Robotic vision systems frequently demand simultaneous processing of multiple tasks, such as depth estimation, object detection, and scene understanding, yet current approaches often rely on redundant computations that strain limited onboard resources. To address this challenge, Jakub Łucki, Jonathan Becktor, and Georgios Georgakis, along with their colleagues, present the Visual Perception Engine (VPEngine), a new framework designed for efficient, flexible multitasking on robotic platforms. VPEngine streamlines processing by sharing a foundational image analysis component across multiple specialized tasks, eliminating unnecessary repetition and enabling dynamic prioritisation based on real-time needs. This innovative architecture achieves up to a threefold increase in speed compared to traditional sequential methods, while maintaining a constant memory footprint and delivering real-time performance on embedded systems like the Jetson Orin AGX, and promises to significantly enhance the capabilities of robots operating in complex environments.

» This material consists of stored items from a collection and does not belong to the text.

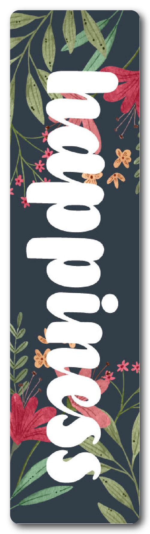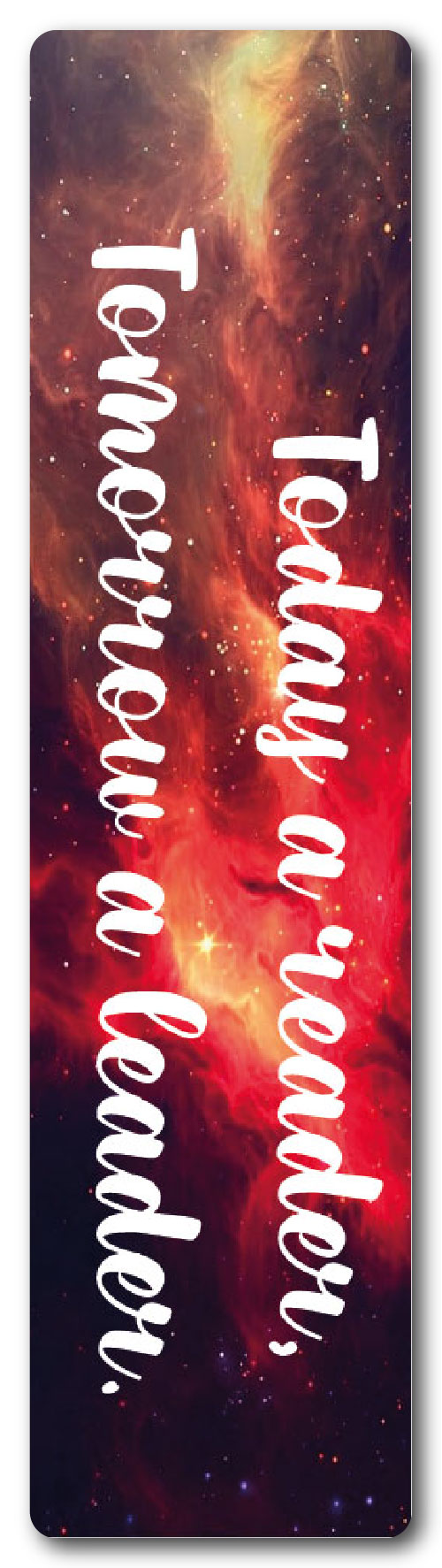 Marcapágina de aluminio sublimado. Medidas: 15,4 cm alto x 4 cm ancho.
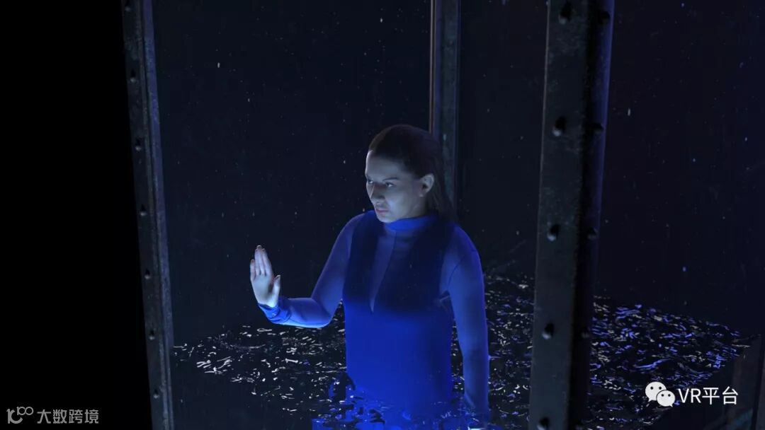 从绘画到视频,VR可以与其他媒介产生关联,是它足以成为一种激进的创新,为艺术家开辟以前无法想象的机会。在“行为艺术之母”Marina Abramović创作的VR作品《Rising》中,Abramović的化身在一个快速充满水的玻璃水舱中,双手压在玻璃上,向观众发出求救。当观众抬起自己的手去准备接住艺术家的时候,墙壁突然破碎,观众会瞬移到北极,面前是快速散落融化的冰川,四周是波涛汹涌的浪花。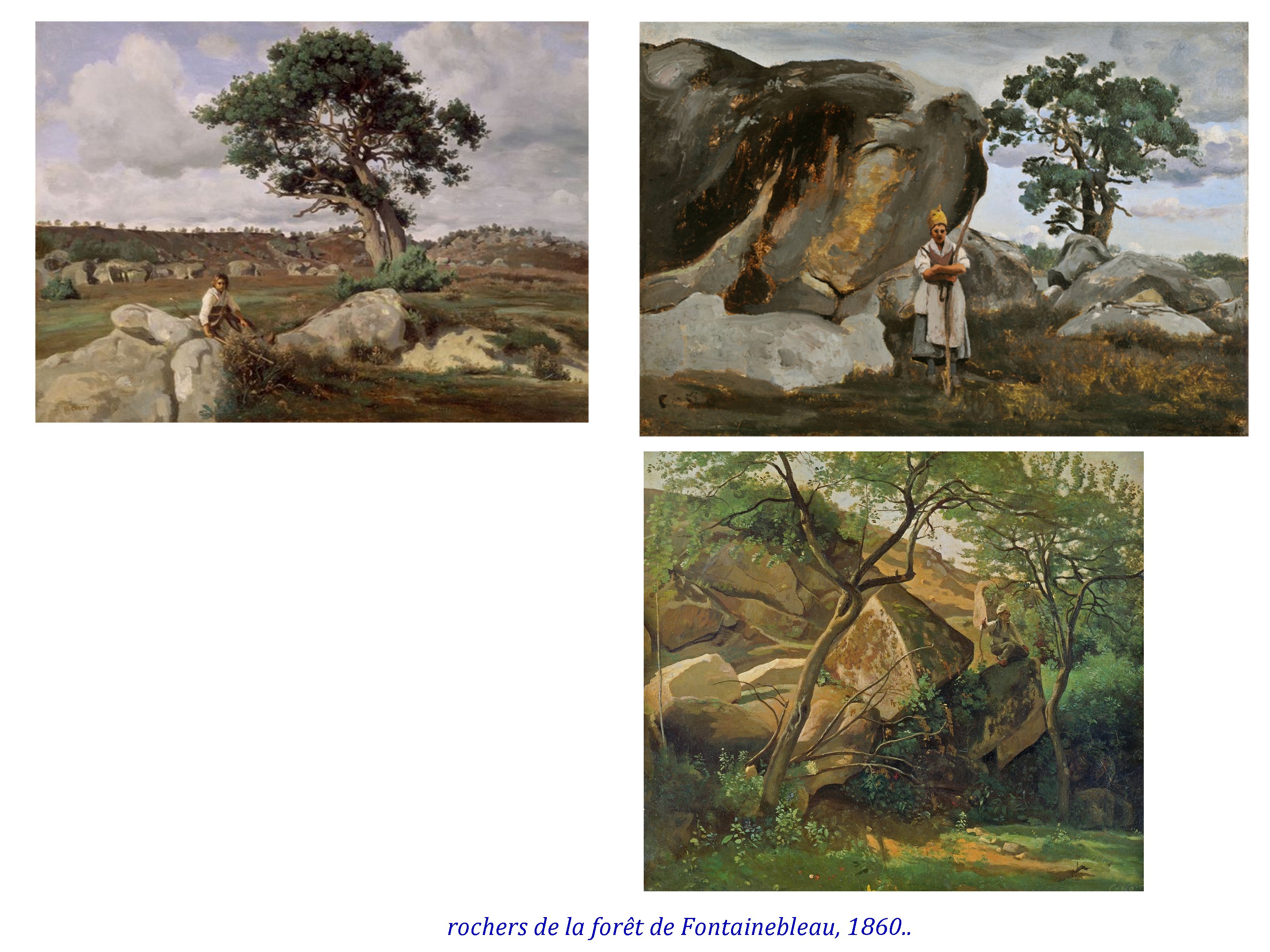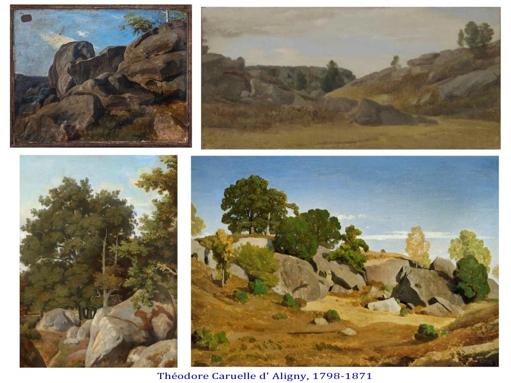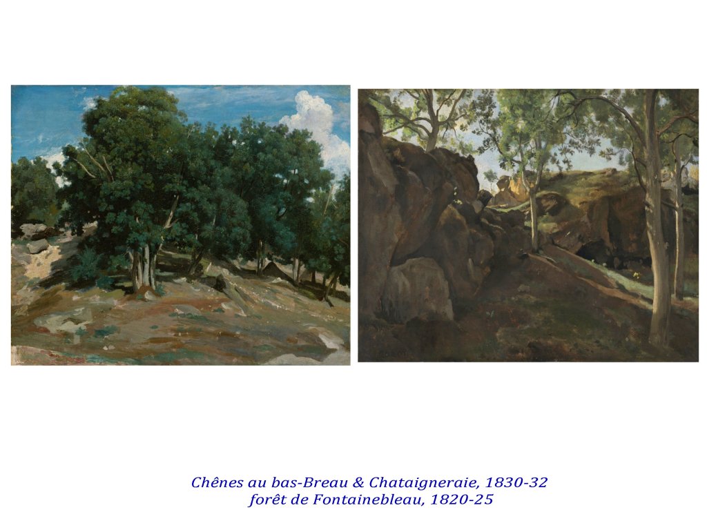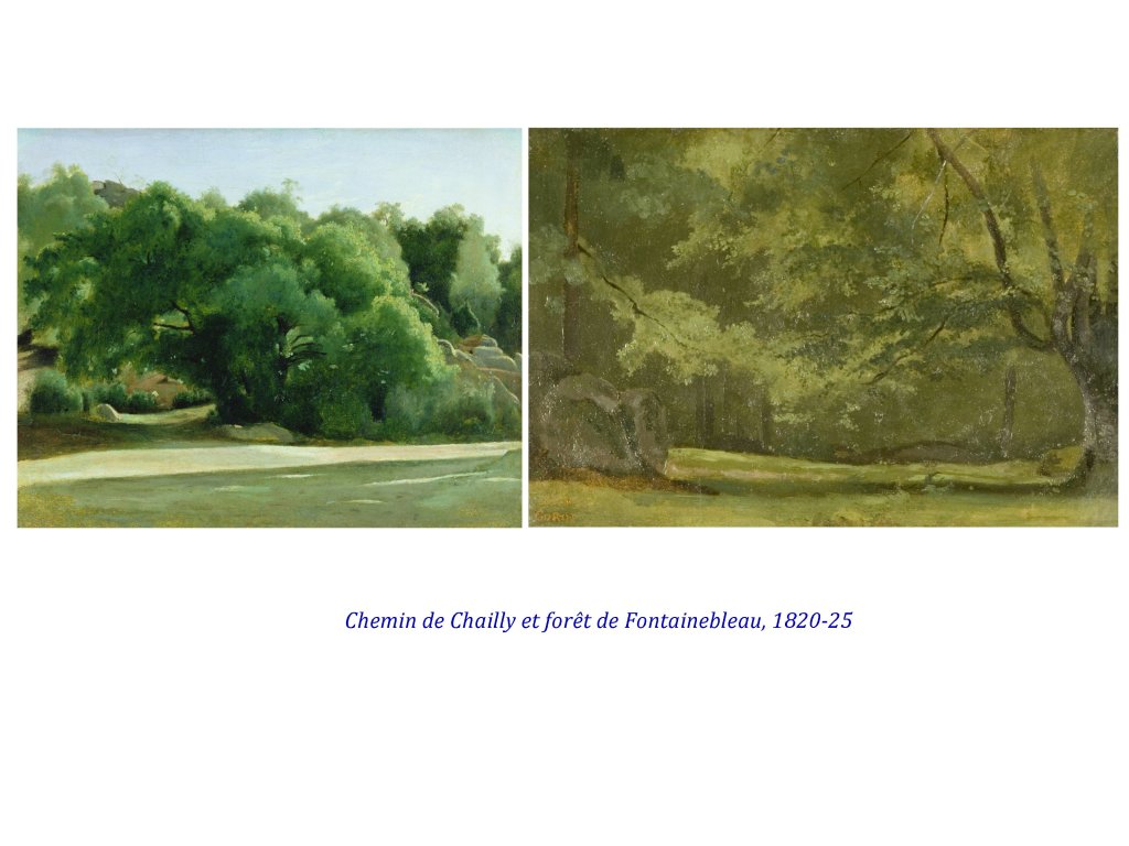 Accessible depuis Melun (relié à Paris par le train, assez vite au 19e), par la diligence, Barbizon et Chailly, sont les villages permettant aux peintres d’aller explorer les alentours, soit les plaines agricoles au nord, soit la forêt et ses impressionnants dénivelés ( gorges d’ Apremont par exemple), dès Barbizon.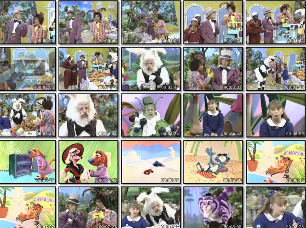 The White Rabbit has dropped the Queen's diamond ring into a pretzel machine. Alice and the others have to start eating a lot of pretzels, fast, before the Queen finds out what happened. The Hare and the Hatter do an extremely well coordinated dance. Their machine, it turns out, can't be turned off once it starts and it makes a huge stack of pretzels.
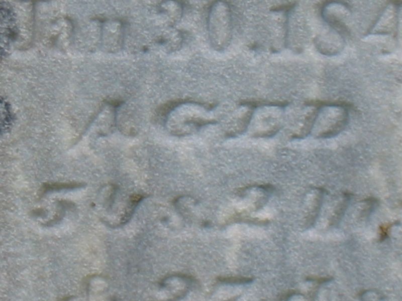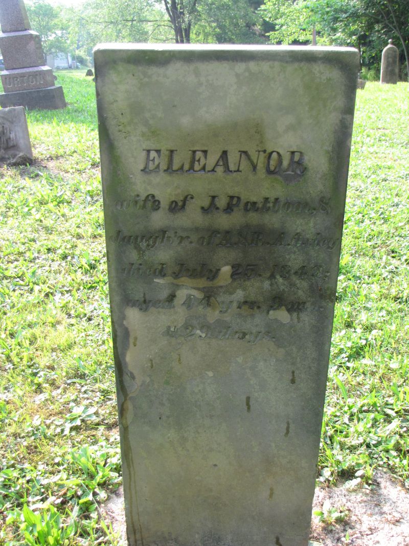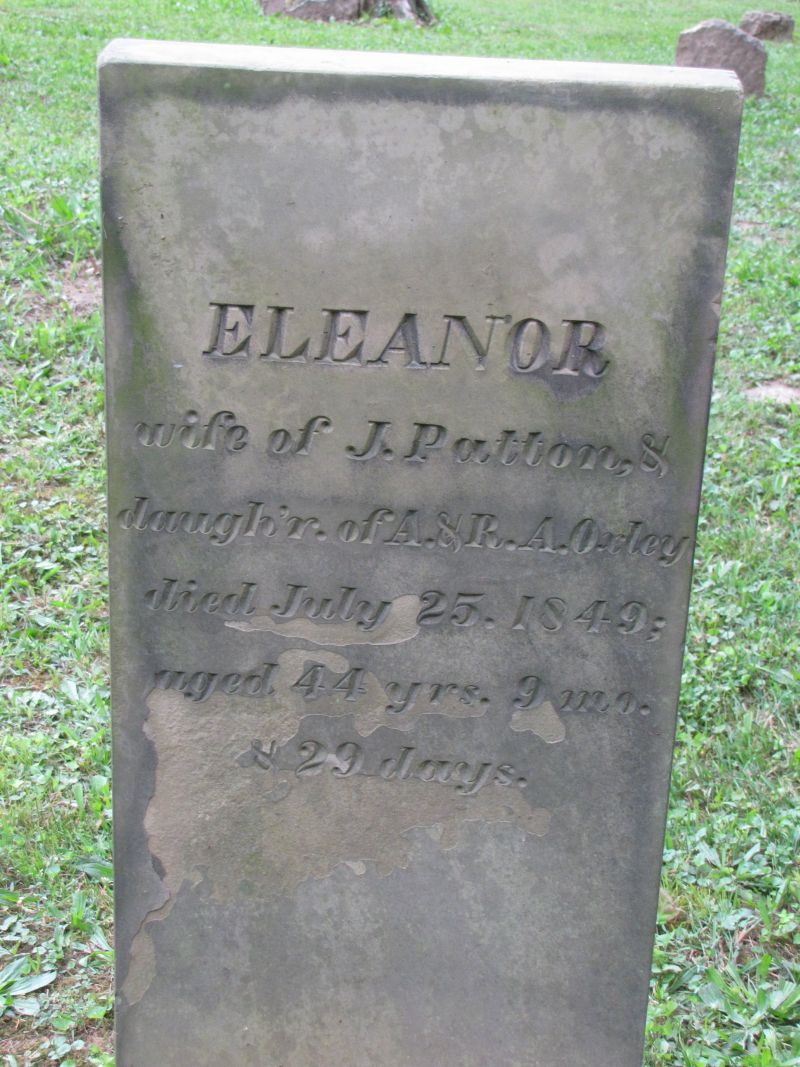 Eleanor Patton wife of J. Patton, & daughter of A. & R. A. Oxley died July 25, 1849; aged 44 years 9 months & 29 days |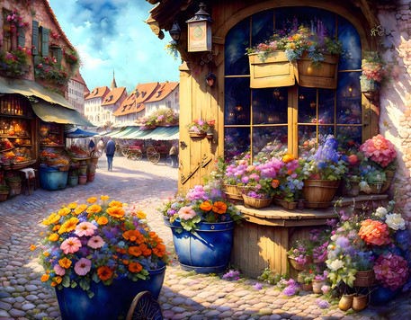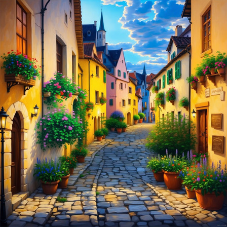 #city #cobblestone #colorful #digitalartwork #digitialart #illustration #impression #interpretative #village #wallpaper #cobbled_street #aiartwork

Designed to enable efficient GPU usage for visual multitasking, the framework prioritises extensibility and developer accessibility. Its architecture leverages a shared foundation model to extract image representations, efficiently distributing these across multiple specialised, task-specific modules running in parallel. The thorough experimental evaluation, including comparisons to baseline approaches, strengthens the findings. The framework addresses key challenges in robotics perception, such as GPU utilisation, modularity, and real-time performance, making it a valuable contribution to the field. Robotics applications increasingly rely on complex perception pipelines to process sensor data and enable autonomous behaviour. Efficiently implementing these pipelines is crucial for achieving real-time performance and robust robotic systems.

Parallel processing offers a promising solution, but requires careful consideration of GPU utilisation, memory management, and architectural flexibility. Existing robotics frameworks, such as ROS and ROS2, provide tools for building modular and distributed systems, but often lack fine-grained control over GPU utilisation and may not be optimised for parallel processing. VPEngine aims to provide a more general-purpose framework that addresses these challenges, maximising GPU utilisation while maintaining architectural flexibility. VPEngine leverages multi-process service to distribute the workload across multiple GPU cores.

Each processing stage, such as object detection, segmentation, and depth estimation, is implemented as a separate process, allowing for parallel execution. The framework also provides a mechanism for managing data flow between processes and synchronising their execution. The framework was evaluated using a robotics perception pipeline consisting of semantic segmentation, object detection, depth estimation, and a rate limiter. Experiments were conducted on a workstation equipped with an NVIDIA GeForce RTX 3090 GPU and an Intel Core i9-10900K CPU, comparing VPEngine to sequential processing, sequential processing with TensorRT, and parallel processing with ROS2 Dataflow.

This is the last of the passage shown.